_WHAT YOU SHOULD DO_: Beginning at the line containing "Three Stone Engagement", repeat each line below exactly up to and including the line containing "琼中公安交警在辖区执勤时,发". Do not repeat the pictures.

_INPUT RECORDS_:
━━━━
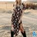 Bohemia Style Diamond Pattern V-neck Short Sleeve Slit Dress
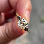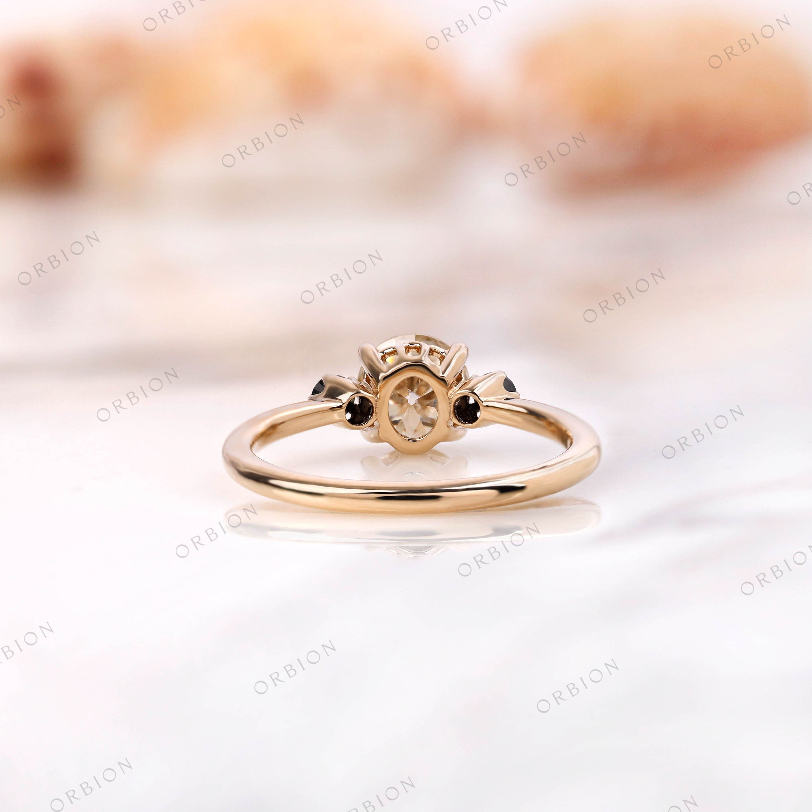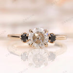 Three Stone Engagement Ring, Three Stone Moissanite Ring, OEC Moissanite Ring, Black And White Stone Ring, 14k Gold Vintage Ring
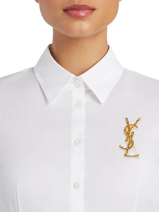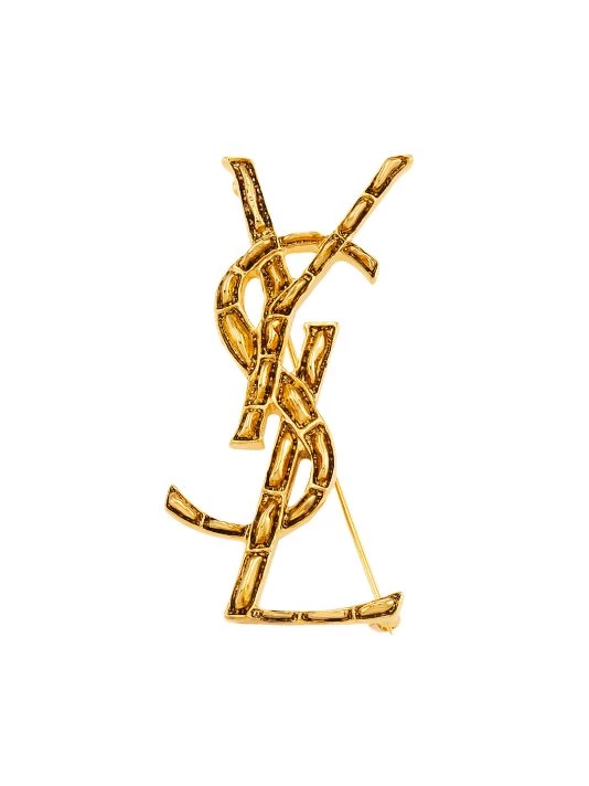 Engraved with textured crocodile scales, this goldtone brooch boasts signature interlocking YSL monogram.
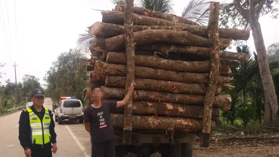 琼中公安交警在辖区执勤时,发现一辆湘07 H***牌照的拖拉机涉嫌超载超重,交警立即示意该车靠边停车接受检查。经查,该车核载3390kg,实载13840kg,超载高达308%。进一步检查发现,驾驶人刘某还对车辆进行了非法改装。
━━━━
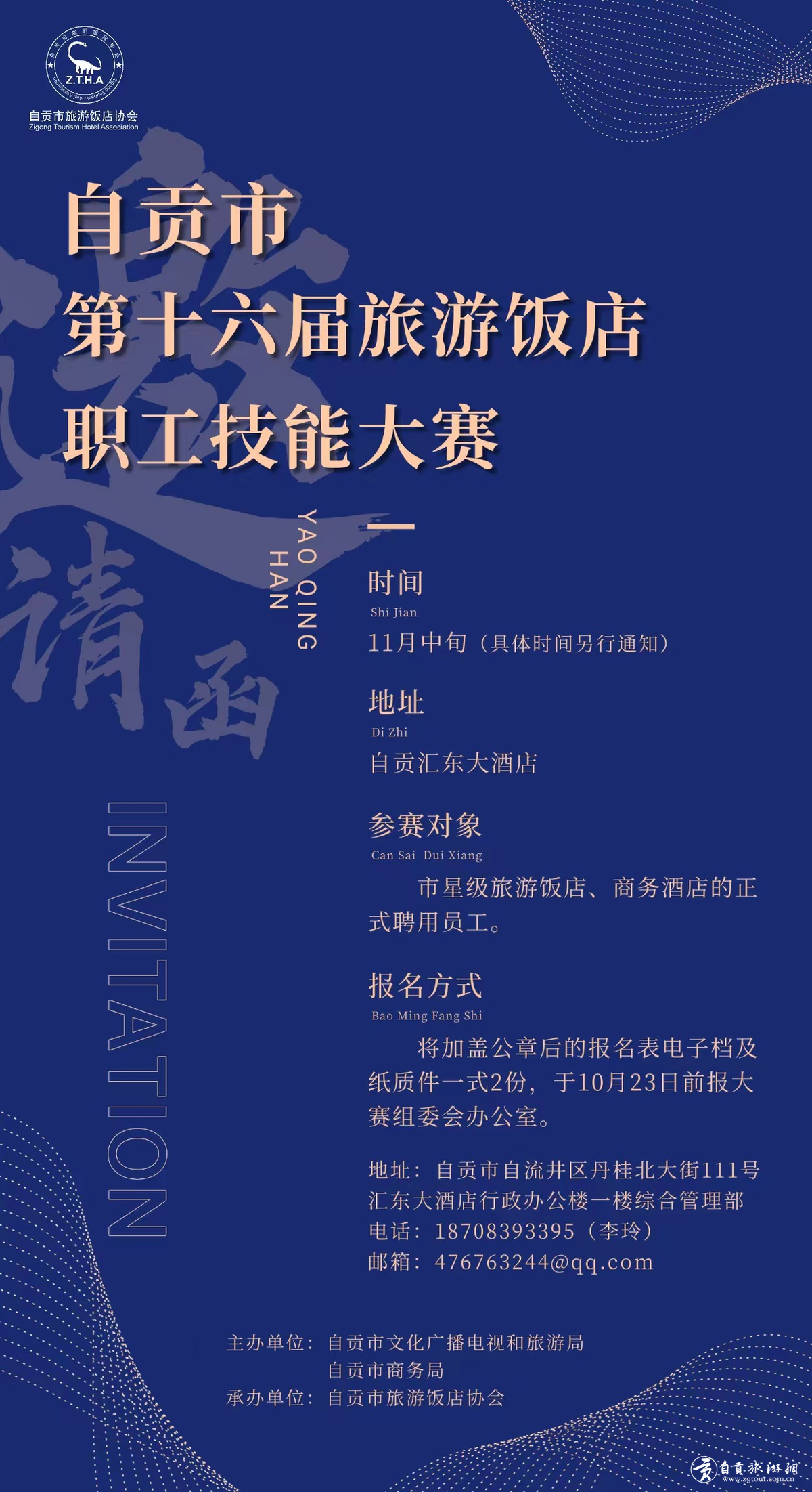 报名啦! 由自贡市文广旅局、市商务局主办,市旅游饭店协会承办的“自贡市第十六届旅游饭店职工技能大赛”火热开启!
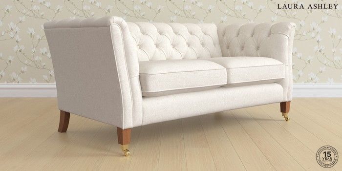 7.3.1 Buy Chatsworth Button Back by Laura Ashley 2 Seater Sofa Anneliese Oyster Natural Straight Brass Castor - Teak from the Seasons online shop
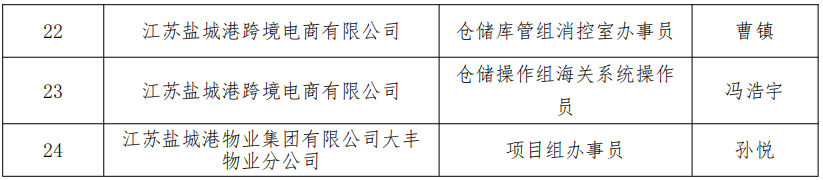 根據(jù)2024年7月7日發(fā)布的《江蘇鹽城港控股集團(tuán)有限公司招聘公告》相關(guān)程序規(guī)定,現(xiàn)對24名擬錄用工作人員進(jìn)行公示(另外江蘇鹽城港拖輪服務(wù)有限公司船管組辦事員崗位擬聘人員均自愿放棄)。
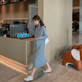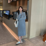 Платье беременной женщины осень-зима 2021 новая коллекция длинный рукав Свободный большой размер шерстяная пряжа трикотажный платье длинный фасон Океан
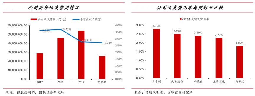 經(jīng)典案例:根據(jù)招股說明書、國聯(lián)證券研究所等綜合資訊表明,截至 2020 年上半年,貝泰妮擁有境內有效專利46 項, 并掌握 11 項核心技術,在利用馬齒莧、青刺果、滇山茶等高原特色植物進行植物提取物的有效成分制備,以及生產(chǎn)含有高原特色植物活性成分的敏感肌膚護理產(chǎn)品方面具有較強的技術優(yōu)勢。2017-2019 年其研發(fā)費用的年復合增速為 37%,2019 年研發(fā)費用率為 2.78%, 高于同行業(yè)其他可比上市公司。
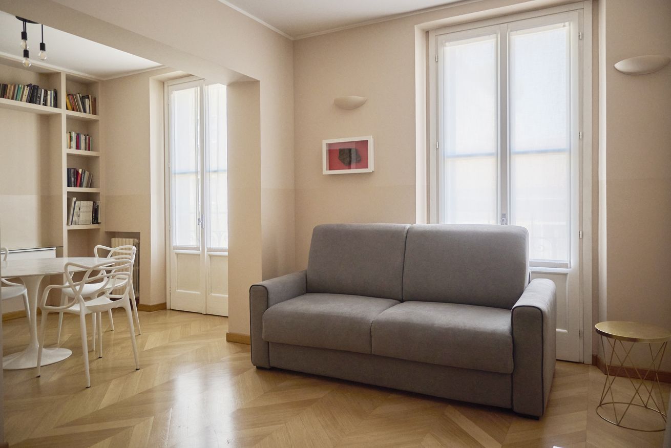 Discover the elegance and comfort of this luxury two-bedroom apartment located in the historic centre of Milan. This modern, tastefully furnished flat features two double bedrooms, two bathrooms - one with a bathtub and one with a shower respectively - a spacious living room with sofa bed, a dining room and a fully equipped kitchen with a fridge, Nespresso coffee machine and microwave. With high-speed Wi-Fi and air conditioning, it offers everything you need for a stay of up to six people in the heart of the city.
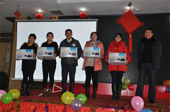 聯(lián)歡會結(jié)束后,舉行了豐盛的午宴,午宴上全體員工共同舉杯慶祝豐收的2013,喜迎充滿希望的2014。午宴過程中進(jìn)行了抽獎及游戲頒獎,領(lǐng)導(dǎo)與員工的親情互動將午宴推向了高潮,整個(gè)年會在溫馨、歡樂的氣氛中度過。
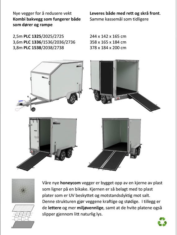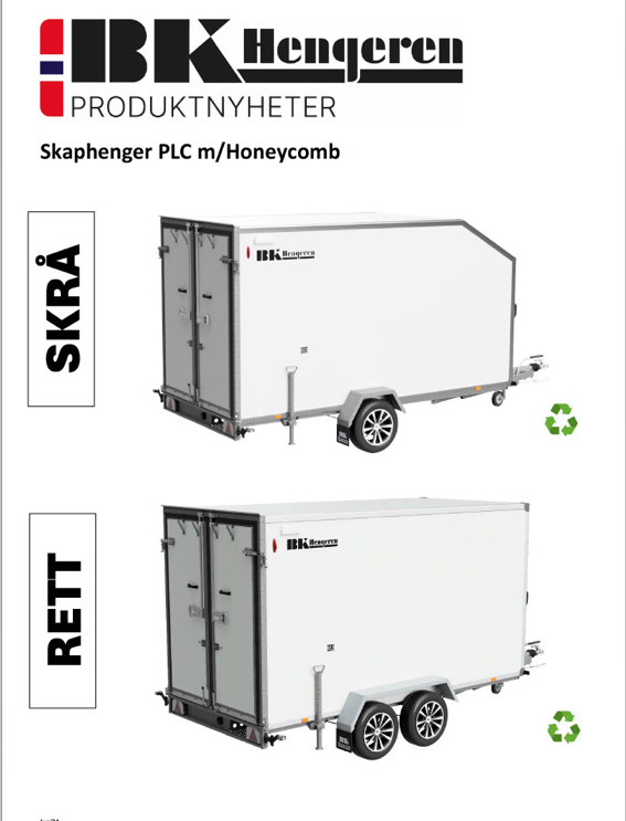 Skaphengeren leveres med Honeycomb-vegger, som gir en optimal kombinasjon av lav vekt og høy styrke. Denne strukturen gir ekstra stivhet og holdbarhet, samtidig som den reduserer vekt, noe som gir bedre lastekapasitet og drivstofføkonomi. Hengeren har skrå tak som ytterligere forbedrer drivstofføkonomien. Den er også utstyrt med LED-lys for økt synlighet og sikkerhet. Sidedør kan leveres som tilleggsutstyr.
━━━━
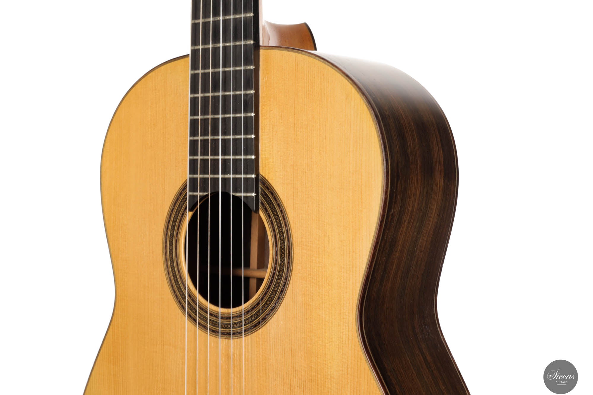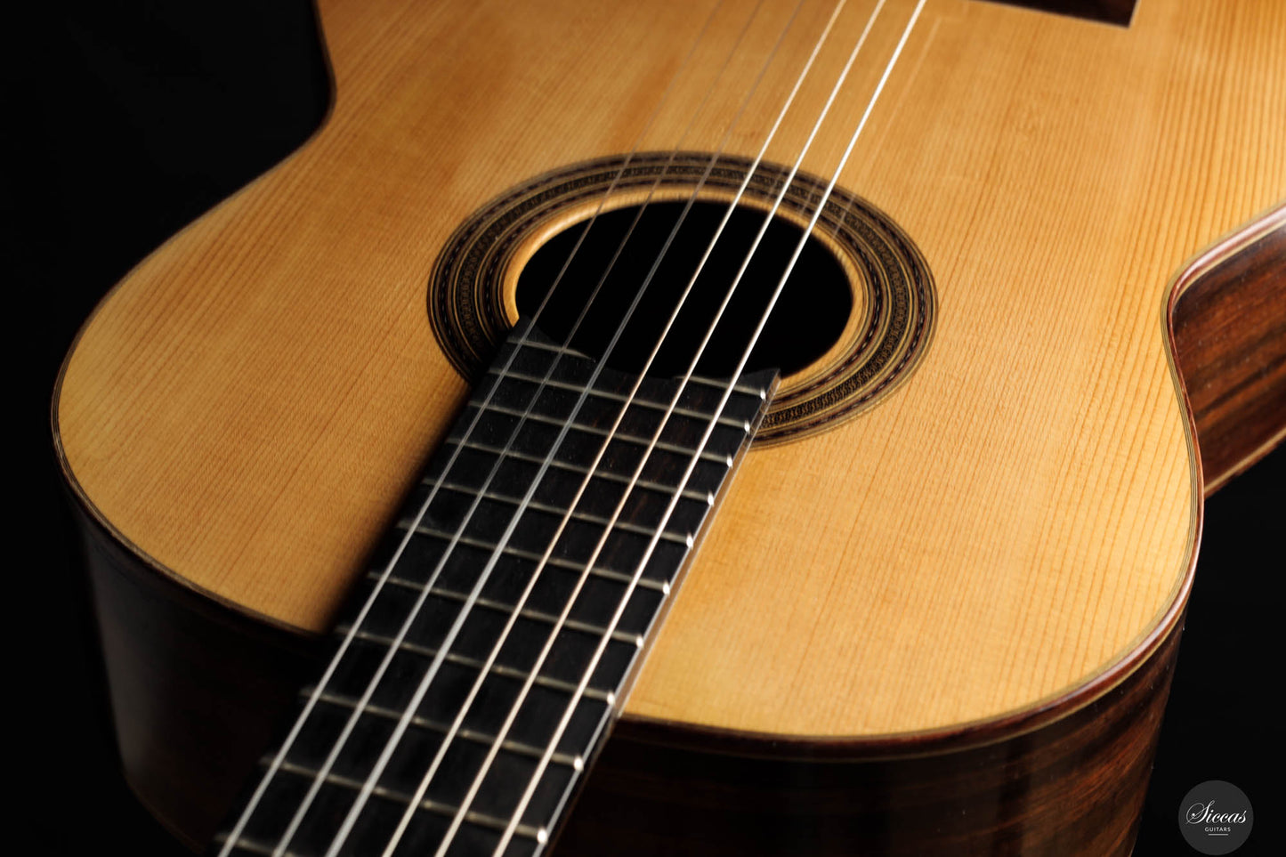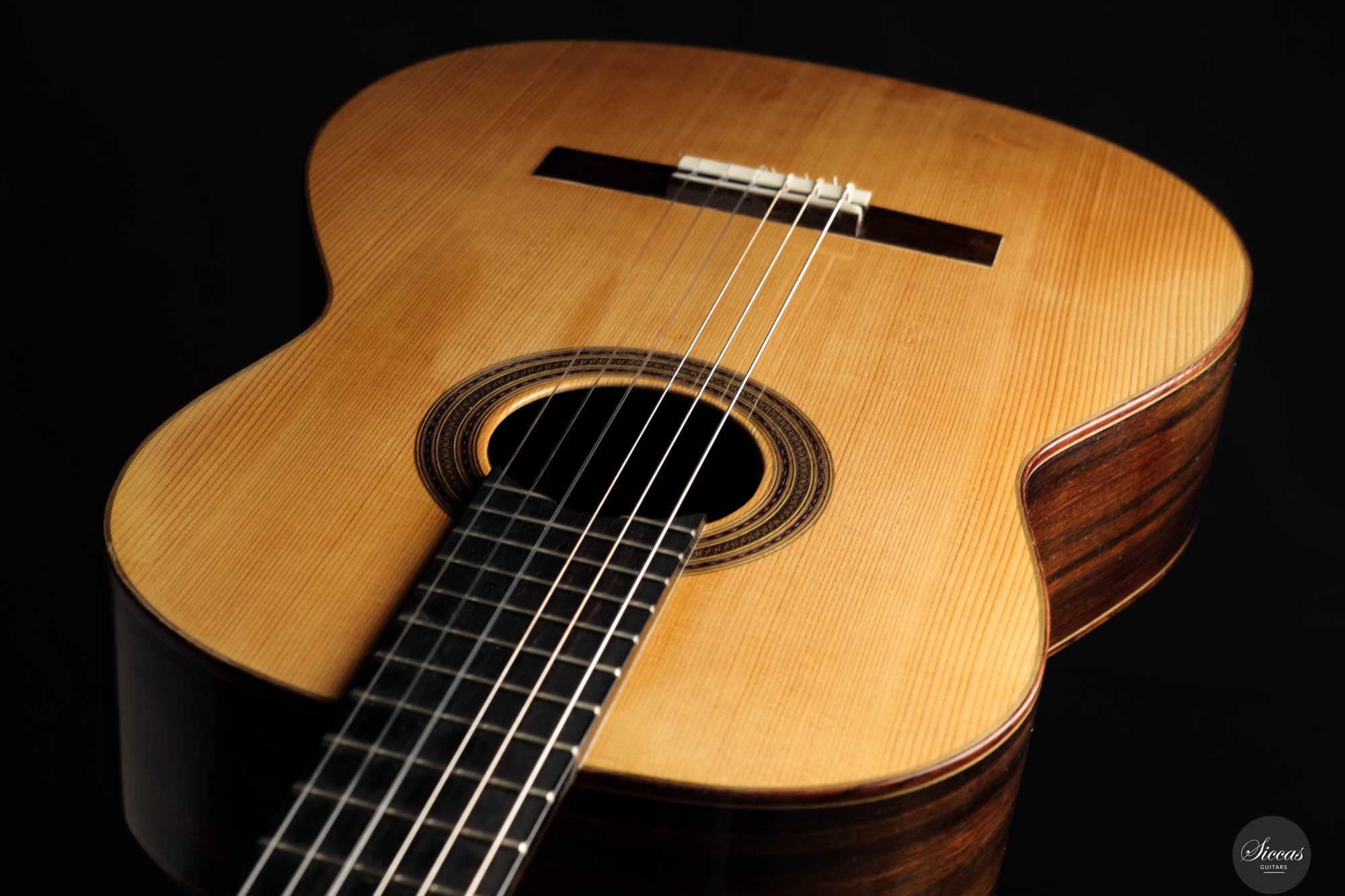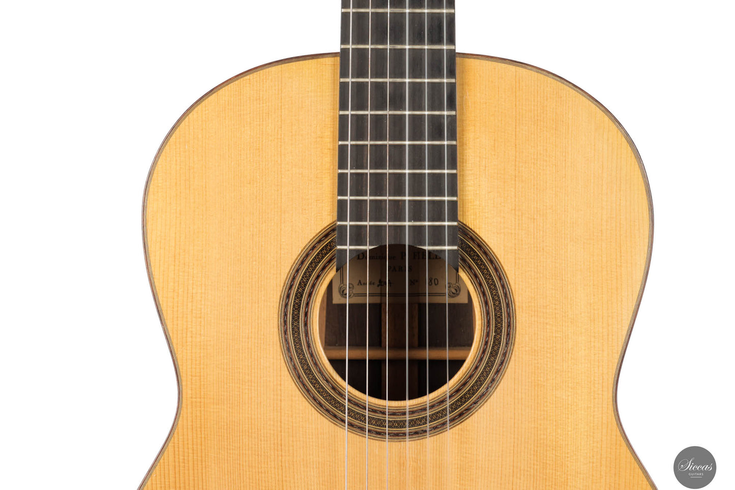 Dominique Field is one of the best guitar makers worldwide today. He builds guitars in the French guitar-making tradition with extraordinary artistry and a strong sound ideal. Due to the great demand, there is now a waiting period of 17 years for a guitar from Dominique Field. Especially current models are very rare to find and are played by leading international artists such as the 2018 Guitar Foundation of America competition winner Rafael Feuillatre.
━━━━
_TASK RESULT_:
 Three Stone Engagement Ring, Three Stone Moissanite Ring, OEC Moissanite Ring, Black And White Stone Ring, 14k Gold Vintage Ring
 Engraved with textured crocodile scales, this goldtone brooch boasts signature interlocking YSL monogram.
 琼中公安交警在辖区执勤时,发现一辆湘07 H***牌照的拖拉机涉嫌超载超重,交警立即示意该车靠边停车接受检查。经查,该车核载3390kg,实载13840kg,超载高达308%。进一步检查发现,驾驶人刘某还对车辆进行了非法改装。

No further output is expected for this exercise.